- _Directions for this task_
Pictures aside, output each record exactly.

[[ Exercise material open ]]

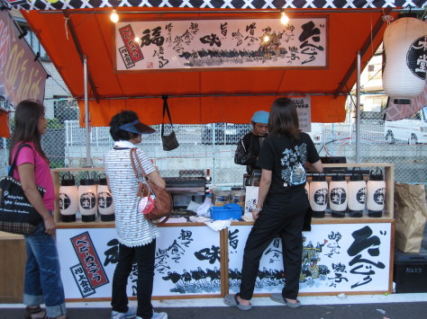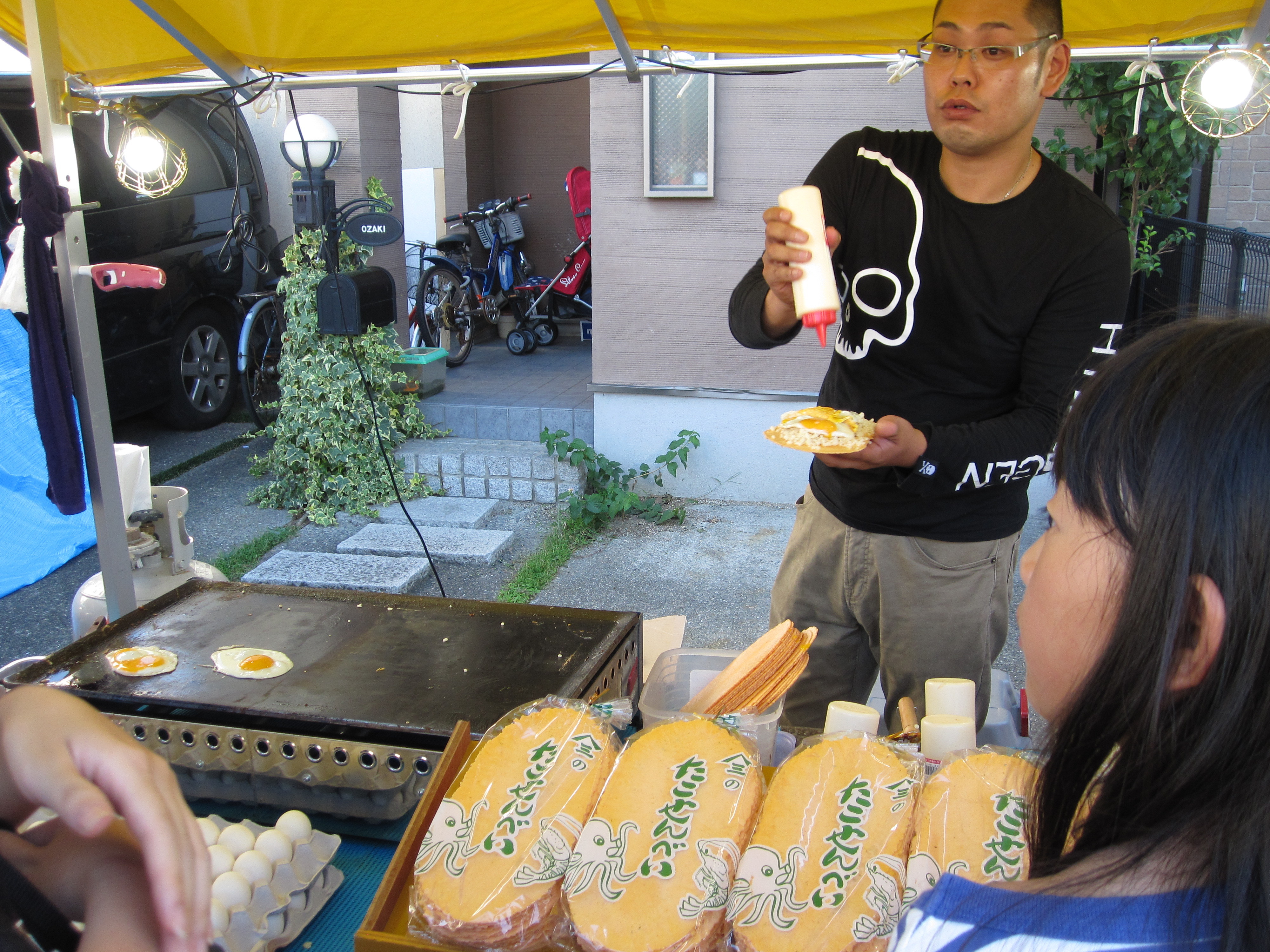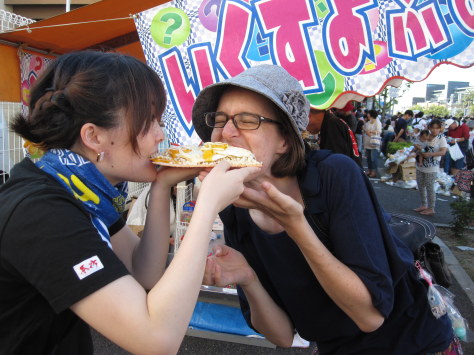 Finally, like all festivals, there were tons of food and activity booths. I tried a new and amazing food called tamagosenbei. It is basically a fried egg on a giant shrimp cracker with okonomiyaki sauce, tempura flakes, mayo, and whatnot. Totally amazing.
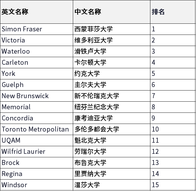今年综合类大学榜单前六名和去年一样,分别是SFU西蒙菲莎大学、维多利亚大学、滑铁卢大学、卡尔顿大学、约克大学、圭尔夫大学。
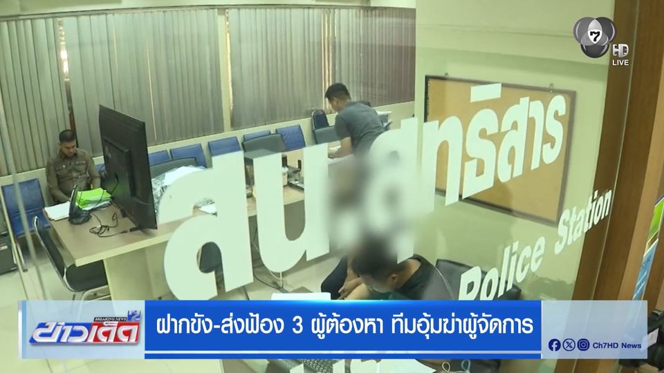 ข่าวเด็ด 7 สี - ตำรวจคุมตัวผู้ต้องหาชายที่อายุเกิน 18 ปี 2 คน ทีมอุ้มฆ่าหนุ่มผู้จัดการ ไปขออำนาจศาลฯ ฝากขัง ผู้ต้องหายืนยันถูกหลอกใช้บังคับอุ้มศพ
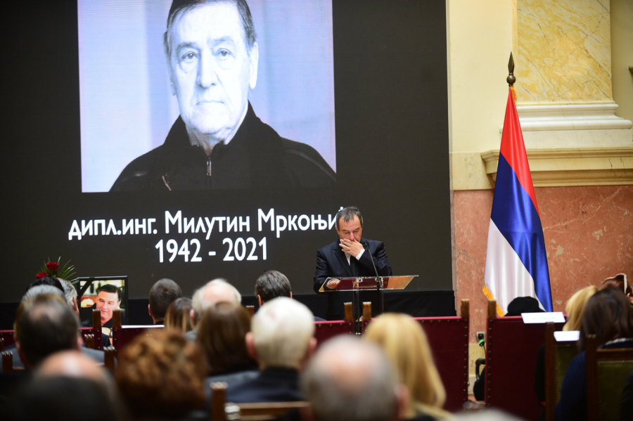 Političar Milutin Mrkonjić preminuo je u 79. godini, u subotu 27. novembra. Komemoracija u njegovu čast organizovana je danas u Skupštini Srbije, a sahrana će biti na Novom groblju u Beogradu u Aleji zaslužnih građana. Ivica Dačić, koji je održao govor na komemoraciji rekao je kako će Mrka biti sahranjen uz pesmu Bekija Bekića "Čubura".
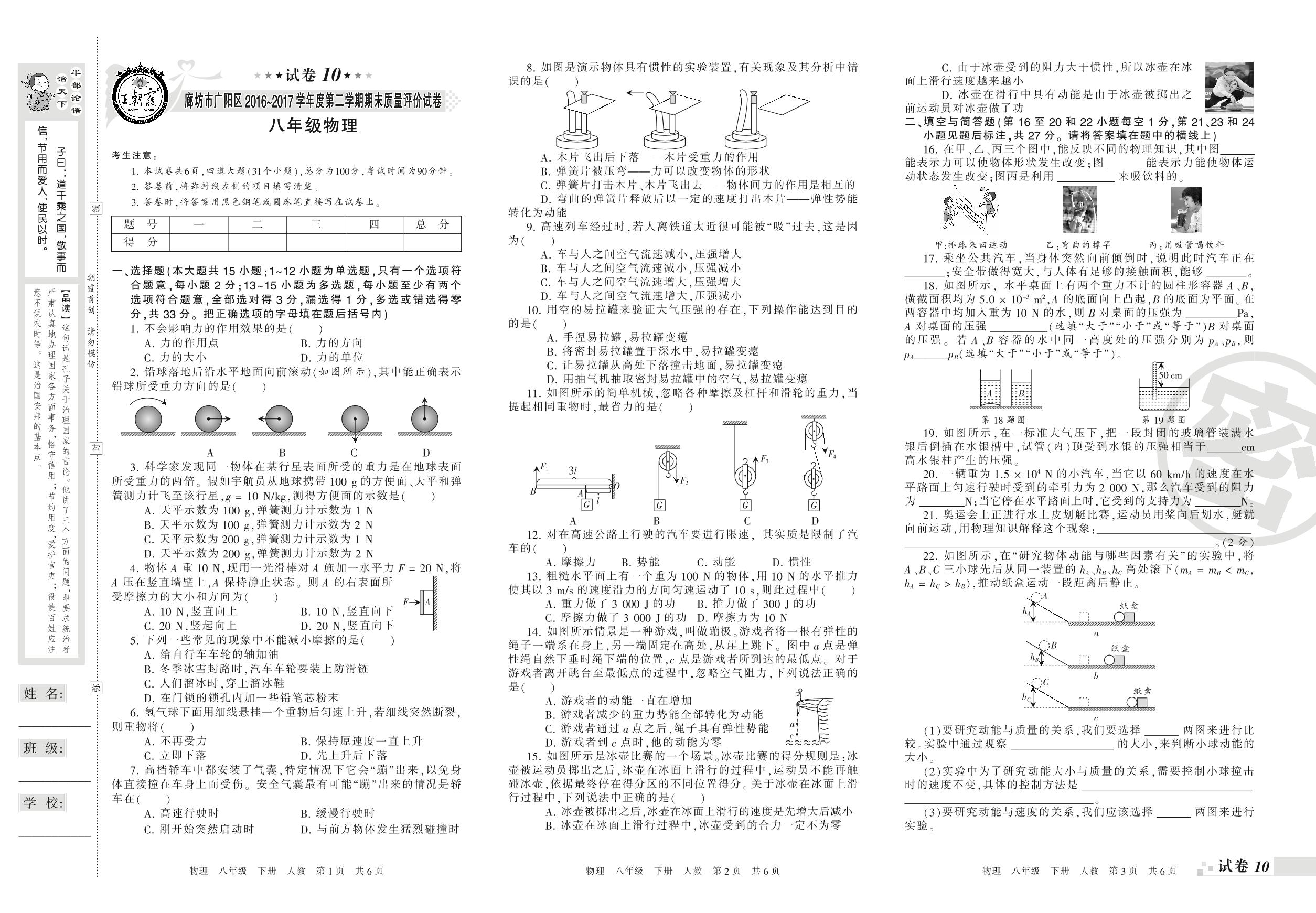 2016-2017学年第二学期廊坊市广阳区八年级物理试卷(人教版)【10】

[[ Exercise material closed ]]

- _Result of the exercise_
 Finally, like all festivals, there were tons of food and activity booths. I tried a new and amazing food called tamagosenbei. It is basically a fried egg on a giant shrimp cracker with okonomiyaki sauce, tempura flakes, mayo, and whatnot. Totally amazing.
今年综合类大学榜单前六名和去年一样,分别是SFU西蒙菲莎大学、维多利亚大学、滑铁卢大学、卡尔顿大学、约克大学、圭尔夫大学。
 ข่าวเด็ด 7 สี - ตำรวจคุมตัวผู้ต้องหาชายที่อายุเกิน 18 ปี 2 คน ทีมอุ้มฆ่าหนุ่มผู้จัดการ ไปขออำนาจศาลฯ ฝากขัง ผู้ต้องหายืนยันถูกหลอกใช้บังคับอุ้มศพ
 Političar Milutin Mrkonjić preminuo je u 79. godini, u subotu 27. novembra. Komemoracija u njegovu čast organizovana je danas u Skupštini Srbije, a sahrana će biti na Novom groblju u Beogradu u Aleji zaslužnih građana. Ivica Dačić, koji je održao govor na komemoraciji rekao je kako će Mrka biti sahranjen uz pesmu Bekija Bekića "Čubura".
 2016-2017学年第二学期廊坊市广阳区八年级物理试卷(人教版)【10】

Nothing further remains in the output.